[Supplied material]

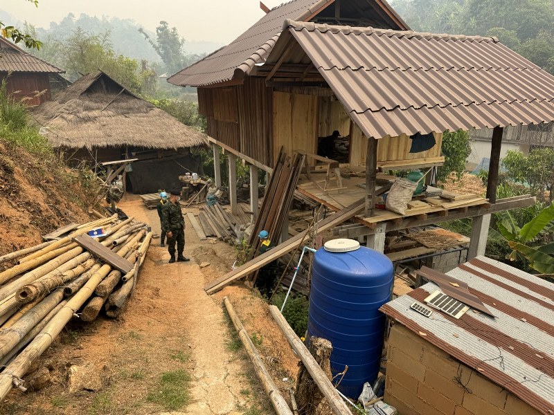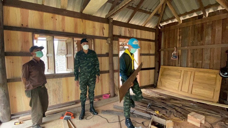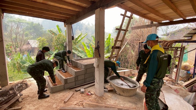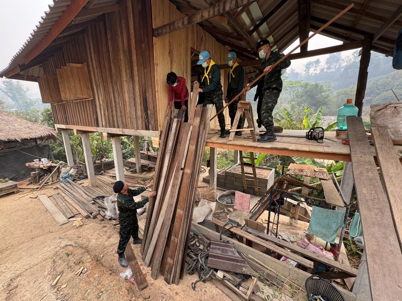 มณฑลทหารบกที่ 37 พร้อมกำลังพลจิตอาสาพระราชทาน จัดกิจกรรม “มอบรอยยิ้ม ผ่าน 2 มือ 1 หัวใจ สู่หยาดเหงื่อ เพื่อประชาชน” ด้วยการช่วยสร้างบ้านพักอาศัยให้กับประชาชนที่มีฐานะยากจน บ้านจะหา หมู่ 11 ตำบลป่าแดด อำเภอแม่สรวย จังหวัดเชียงราย
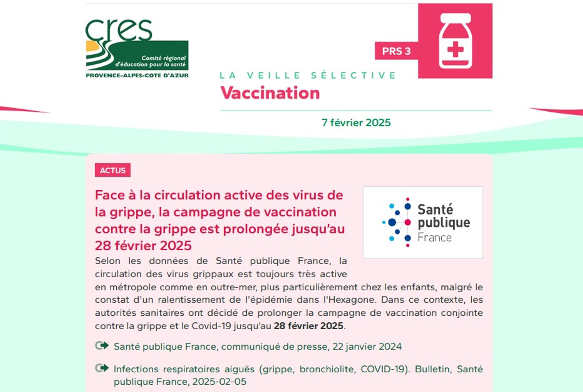 Le CRES réalise en continu une veille documentaire sur l'actualité de la prévention et de la santé publique. Une quinzaine de thématiques sont concernées, dont la vaccination.
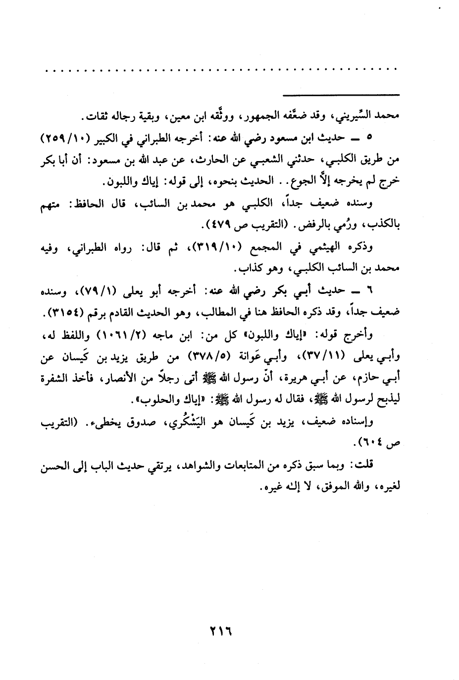 5 - حديث ابن مسعود رضي الله عنه: أخرجه الطبراني في الكبير (10/ 259) من طريق الكلبي، حدثني الشعبي عن الحارث، عن عبد الله بن مسعود: أن أبا بكر خرج لم يخرجه إلَّا الجوع .. الحديث بنحوه، إلى قوله: إياك واللبون.
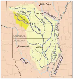 The Little Missouri River, or Little Mo, is a 147-mile-long (237 km)[2] waterway that runs from the Ouachita Mountains of southwest Arkansas into the rolling hills area in the surrounding countryside.
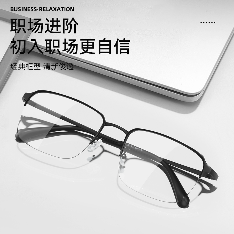 博士眼镜欧拿近视眼镜男可配度数超轻钛架商务半框镜框网上配男款
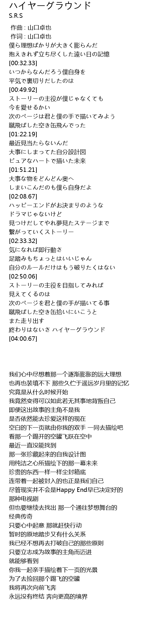 | [03:52.63] | 終わりはないさ ハイヤーグラウンド |
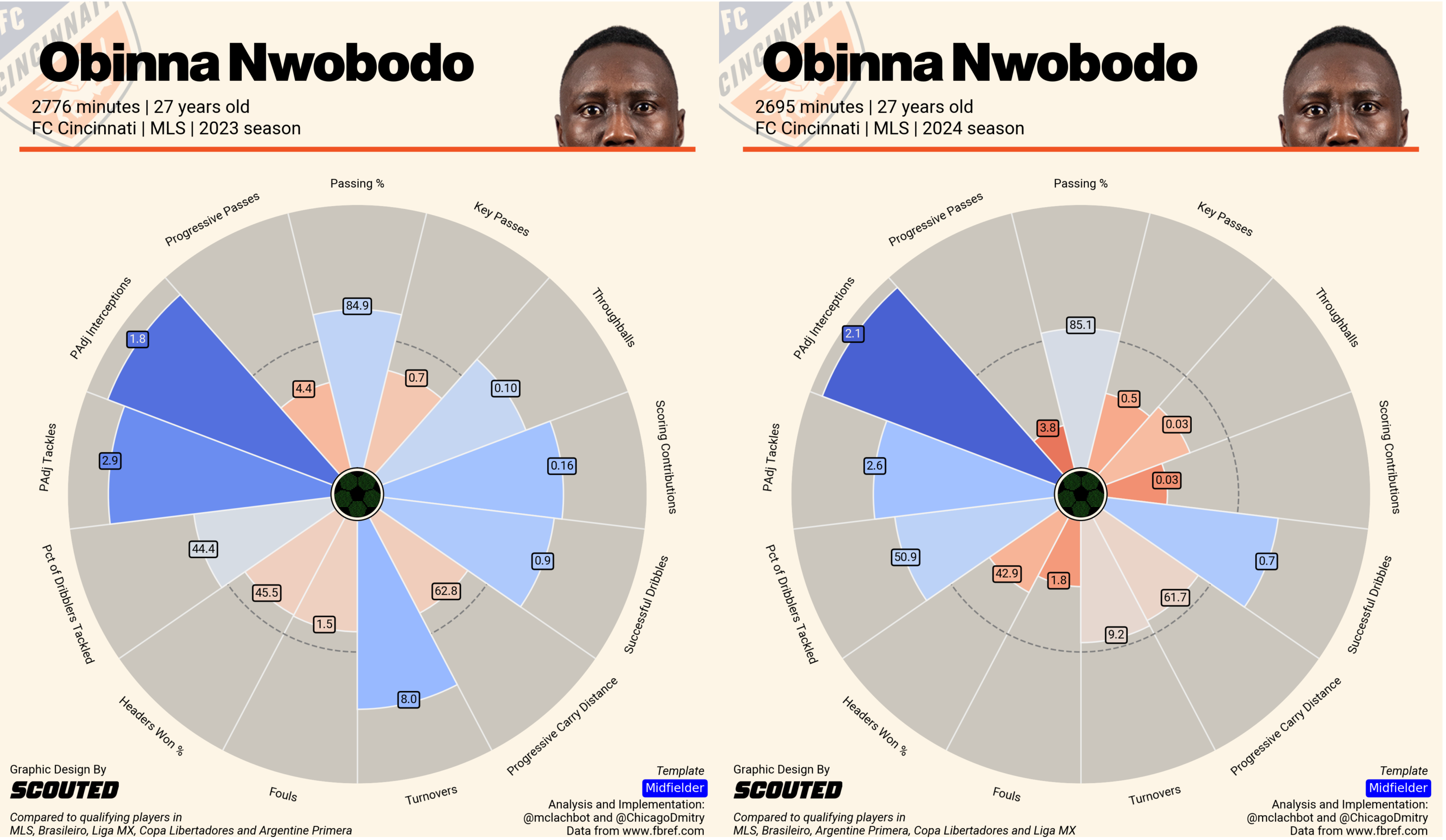 Can a team with Nwobodo and Bucha anchoring the center of the field generate enough passing to succeed in possession? In a season when FCC controlled possession more than ever, Nwobodo did less to move the ball forward into truly dangerous areas. Even though Nwobodo finished fourth on FCC in completed passes into the final third, many of those were to Acosta in that part of the field familiar to anyone who even occasionally watches the Orange and Blue: somewhere between the left wing and left half-space in front of the penalty area. Letting Lucho dictate play from that part of the field has been an effective attacking plan for years but what Obi’s final third passing looks like without that option remains to be seen.
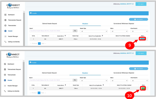 - Header registrar will validate and verify details provided by the telemarketer/Principal
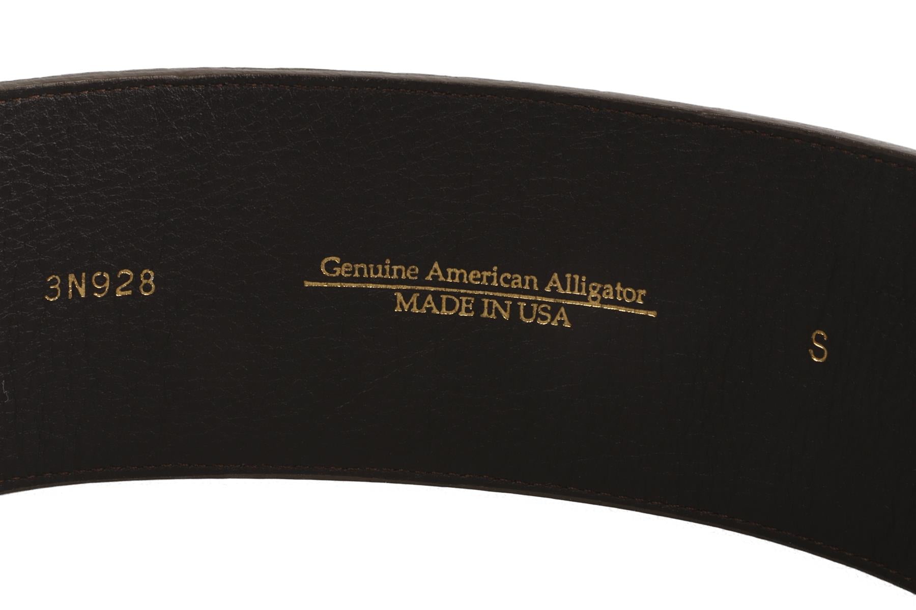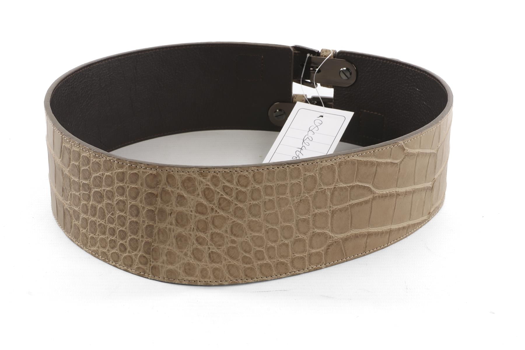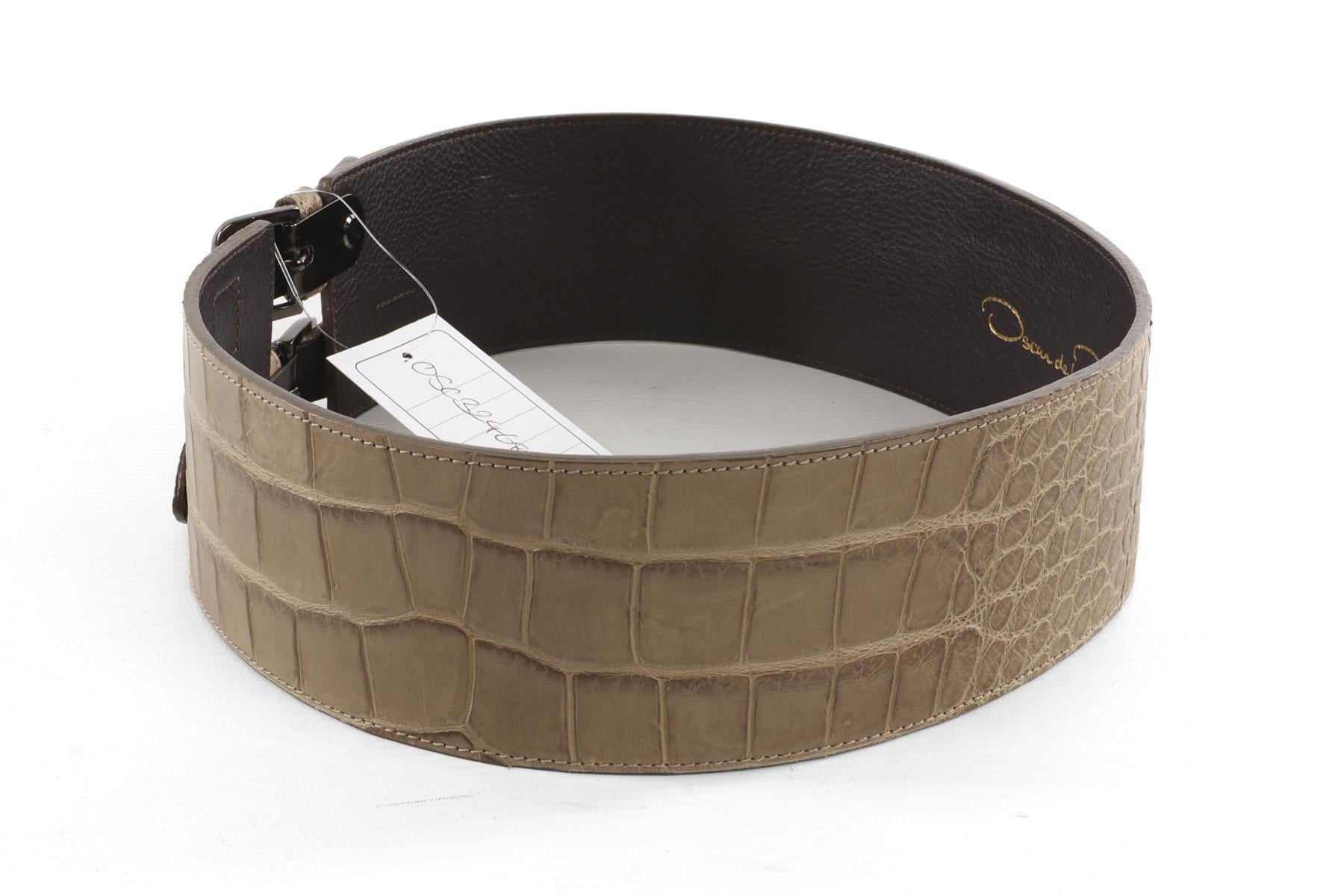 Oscar De La Renta Taupe Alligator Waist Belt. Taupe. Buckle fastening - Front. Small. Length: 28-30 in. Width: 2.5 in.
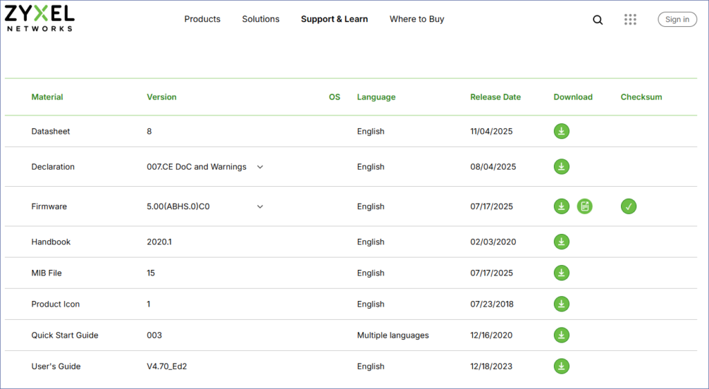 雖然ZYXEL進到學校的數量不多,時間上也沒有HP那麼久,但是在資源取得方面相當便利,目前XGS1930-28HP的韌體出到2025年7月的V5.0,可於此下載,https://www.zyxel.com/us/en-us/support/download?model=xgs1930-28hp

[/Supplied material]

● Aim of the exercise
Give again the stretch of the entries above that begins at the line with "Can a team with" and ends at the line with "Oscar De La", word for word, with no pictures.

● Exercise result
 Can a team with Nwobodo and Bucha anchoring the center of the field generate enough passing to succeed in possession? In a season when FCC controlled possession more than ever, Nwobodo did less to move the ball forward into truly dangerous areas. Even though Nwobodo finished fourth on FCC in completed passes into the final third, many of those were to Acosta in that part of the field familiar to anyone who even occasionally watches the Orange and Blue: somewhere between the left wing and left half-space in front of the penalty area. Letting Lucho dictate play from that part of the field has been an effective attacking plan for years but what Obi’s final third passing looks like without that option remains to be seen.
 - Header registrar will validate and verify details provided by the telemarketer/Principal
 Oscar De La Renta Taupe Alligator Waist Belt. Taupe. Buckle fastening - Front. Small. Length: 28-30 in. Width: 2.5 in.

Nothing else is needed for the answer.